RECORDS PROVIDED Start Marker

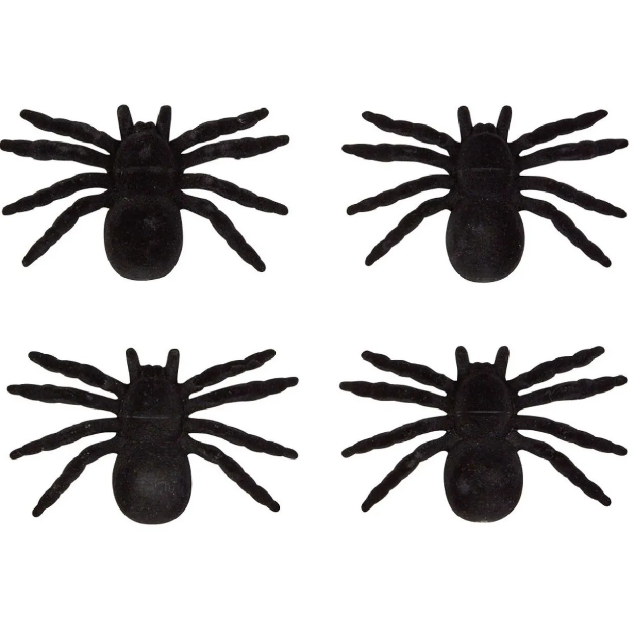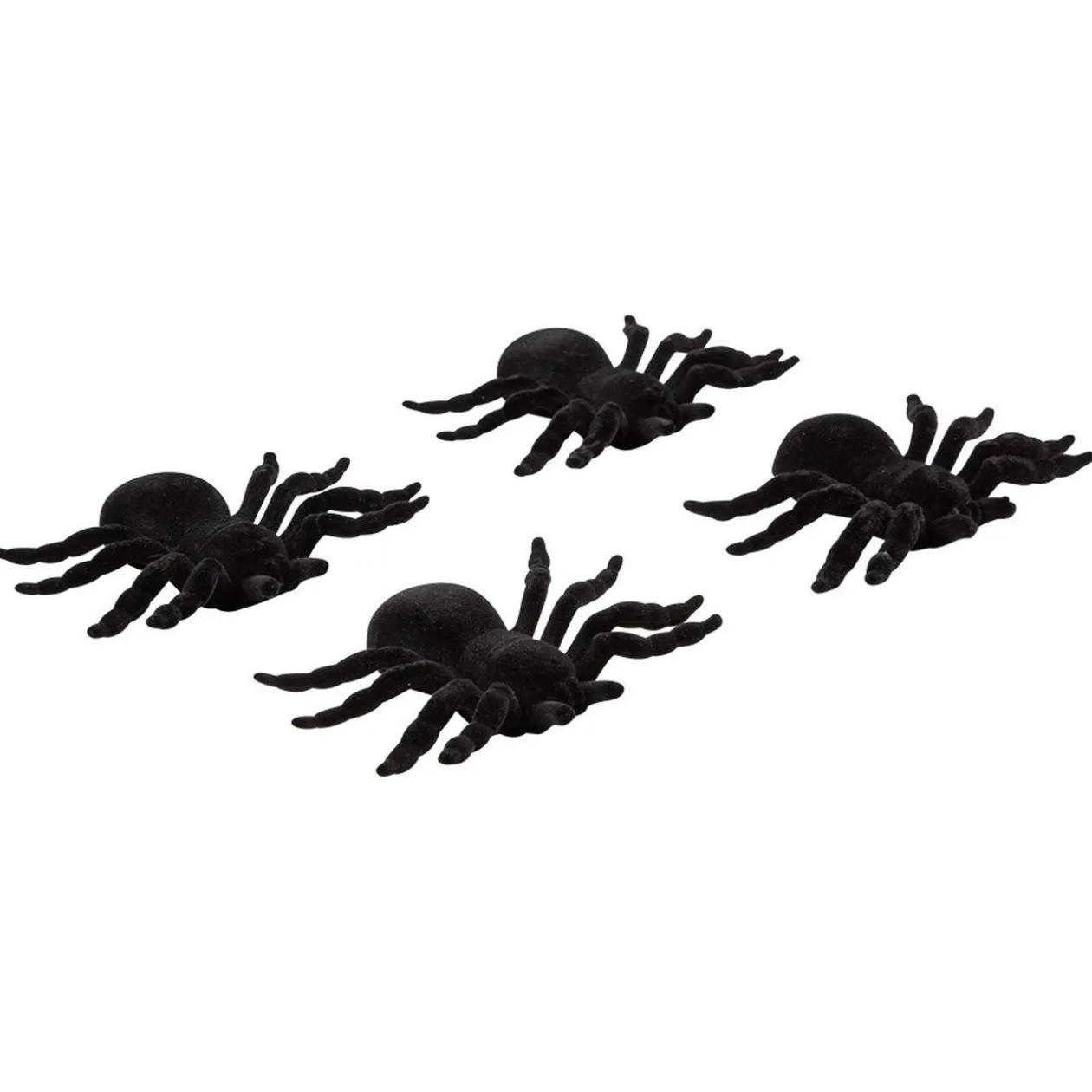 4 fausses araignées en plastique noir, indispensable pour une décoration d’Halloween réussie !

RECORDS PROVIDED End Marker
RECORDS PROVIDED Start Marker

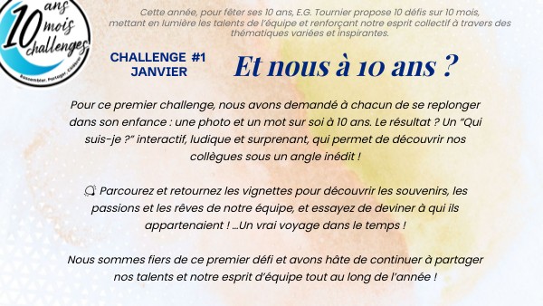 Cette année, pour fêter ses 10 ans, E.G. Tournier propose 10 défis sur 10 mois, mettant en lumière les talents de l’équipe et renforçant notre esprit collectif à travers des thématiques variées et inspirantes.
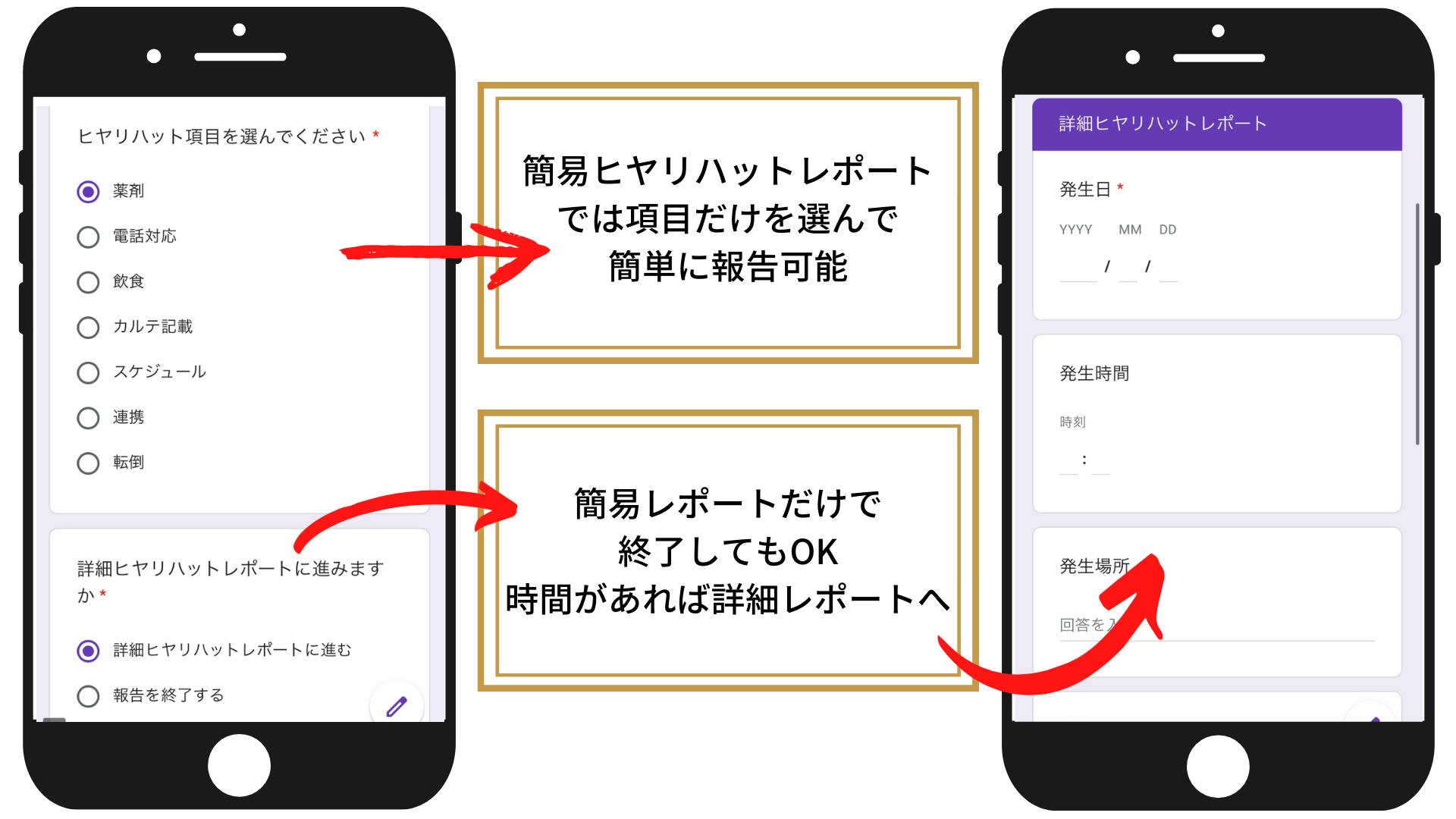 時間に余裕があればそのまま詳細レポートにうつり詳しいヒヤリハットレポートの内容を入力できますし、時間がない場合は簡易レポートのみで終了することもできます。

RECORDS PROVIDED End Marker

● **THE PROBLEM**: Respond with the exact lines above running from the one containing "Cette année, pour" to the one containing "時間に余裕があればそのまま詳", both ends kept and no pictures included.

● **COMPLETED TASK**:
 Cette année, pour fêter ses 10 ans, E.G. Tournier propose 10 défis sur 10 mois, mettant en lumière les talents de l’équipe et renforçant notre esprit collectif à travers des thématiques variées et inspirantes.
 時間に余裕があればそのまま詳細レポートにうつり詳しいヒヤリハットレポートの内容を入力できますし、時間がない場合は簡易レポートのみで終了することもできます。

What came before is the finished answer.